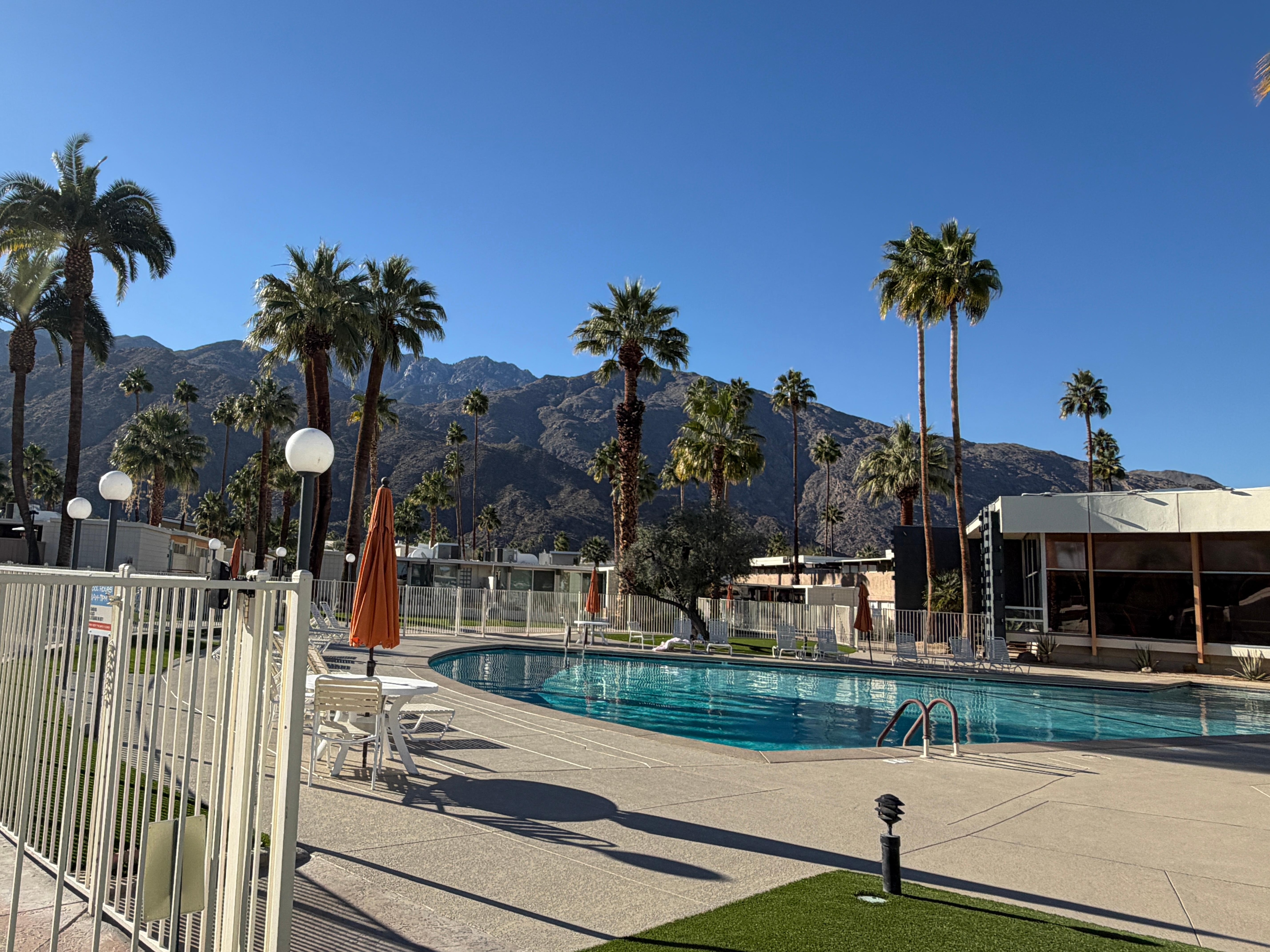 The grounds of the Ocotillo Lodge feature a champagne cork-shaped, heated swimming pool said to be the largest in the entire Coachella Valley. There are also two large, heated spas with outdoor BBQ lounge area, the famous Tiki-style Sunshine Bar where Don Ho would sing his tunes, community laundry and much more. The clubhouse is currently under renovation but the fitness center is open. Enjoy your own private slice of Palm Springs Glamour right here at the Ocotillo Lodge.
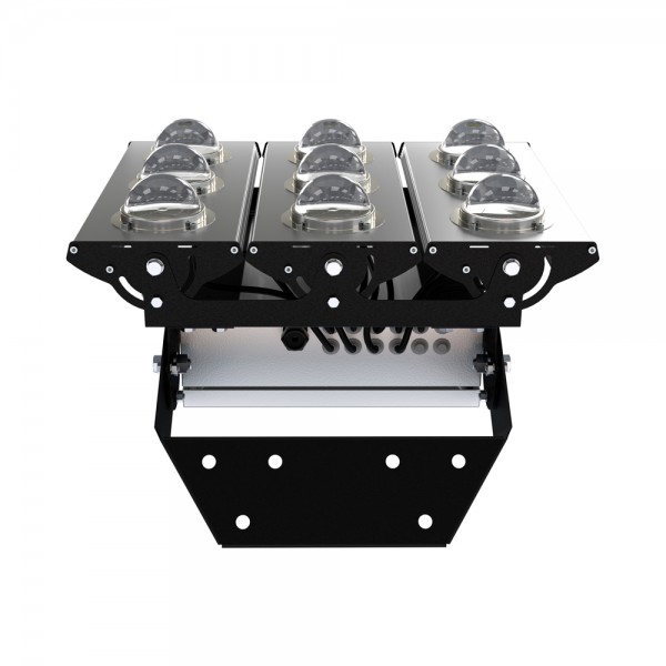Источники питания размещаются в специальном монтажном шкафу, который крепится на корпус светильника. За счёт наружного исполнения источника снижается нагрев светодиодного модуля, и сам светильник служит дольше.
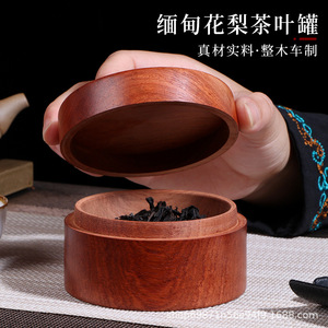 缅甸花梨木茶叶盒红木圆形收纳罐实木多用便携耳环戒指盒零食牙线
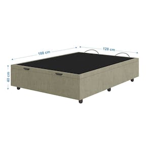 DIMENSÕES DA CAMA BOX BAÚ Altura total: 40 cm; Comprimento total: 188 cm; Largura total: 128 cm; Altura Interna: 28 cm; Altura dos pés: 6 cm; Suporta até 120 Kgs por pessoa. Peso: 28kg.
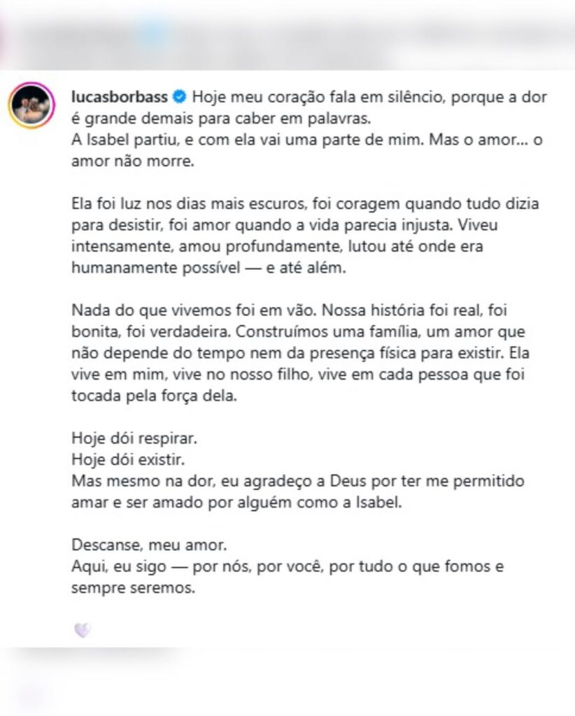 No texto publicado no Instagram, Lucas disse que sua dor “é grande demais para caber em palavras”. “A Isabel partiu, e com ela vai uma parte de mim. Mas o amor… O amor não morre”, escreveu.
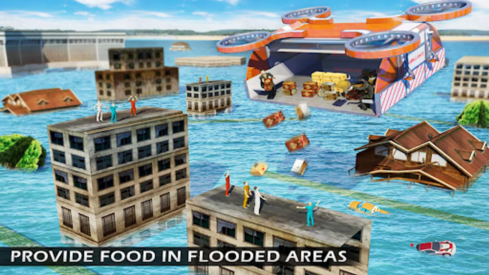 Experience the thrill and adventure of flying ambulance 3d, a rescue helicopter in Heli Ambulance Rescue Team. Become part of most skilled rescue squad and provide medevac service in natural disasters like hurricane harvey or irma in emergency ambulance simulator rescue games. Play flying ambulance car in copter car ambulance games.The suburban town has been hit by rainstorm your job is to evacuate the area & rescue US citizens to safety in police rescue simulation emergency games. Fly copter car 911 helicopter ambulance towards flooded area driving in big city ambulance and drop food boxes to survivors. Show extreme heli flying ambulance skills as time is short and lives are in danger. Use fire engine simulator in 911 ambulance game same like in rescue games and heli ambulance simulator , drone air ambulance and transport them to safe zone in flying ambulance games.

### To do
Although the records include pictures, output only their text, exactly and completely.

### Task output
 The grounds of the Ocotillo Lodge feature a champagne cork-shaped, heated swimming pool said to be the largest in the entire Coachella Valley. There are also two large, heated spas with outdoor BBQ lounge area, the famous Tiki-style Sunshine Bar where Don Ho would sing his tunes, community laundry and much more. The clubhouse is currently under renovation but the fitness center is open. Enjoy your own private slice of Palm Springs Glamour right here at the Ocotillo Lodge.
Источники питания размещаются в специальном монтажном шкафу, который крепится на корпус светильника. За счёт наружного исполнения источника снижается нагрев светодиодного модуля, и сам светильник служит дольше.
 缅甸花梨木茶叶盒红木圆形收纳罐实木多用便携耳环戒指盒零食牙线
 DIMENSÕES DA CAMA BOX BAÚ Altura total: 40 cm; Comprimento total: 188 cm; Largura total: 128 cm; Altura Interna: 28 cm; Altura dos pés: 6 cm; Suporta até 120 Kgs por pessoa. Peso: 28kg.
 No texto publicado no Instagram, Lucas disse que sua dor “é grande demais para caber em palavras”. “A Isabel partiu, e com ela vai uma parte de mim. Mas o amor… O amor não morre”, escreveu.
 Experience the thrill and adventure of flying ambulance 3d, a rescue helicopter in Heli Ambulance Rescue Team. Become part of most skilled rescue squad and provide medevac service in natural disasters like hurricane harvey or irma in emergency ambulance simulator rescue games. Play flying ambulance car in copter car ambulance games.The suburban town has been hit by rainstorm your job is to evacuate the area & rescue US citizens to safety in police rescue simulation emergency games. Fly copter car 911 helicopter ambulance towards flooded area driving in big city ambulance and drop food boxes to survivors. Show extreme heli flying ambulance skills as time is short and lives are in danger. Use fire engine simulator in 911 ambulance game same like in rescue games and heli ambulance simulator , drone air ambulance and transport them to safe zone in flying ambulance games.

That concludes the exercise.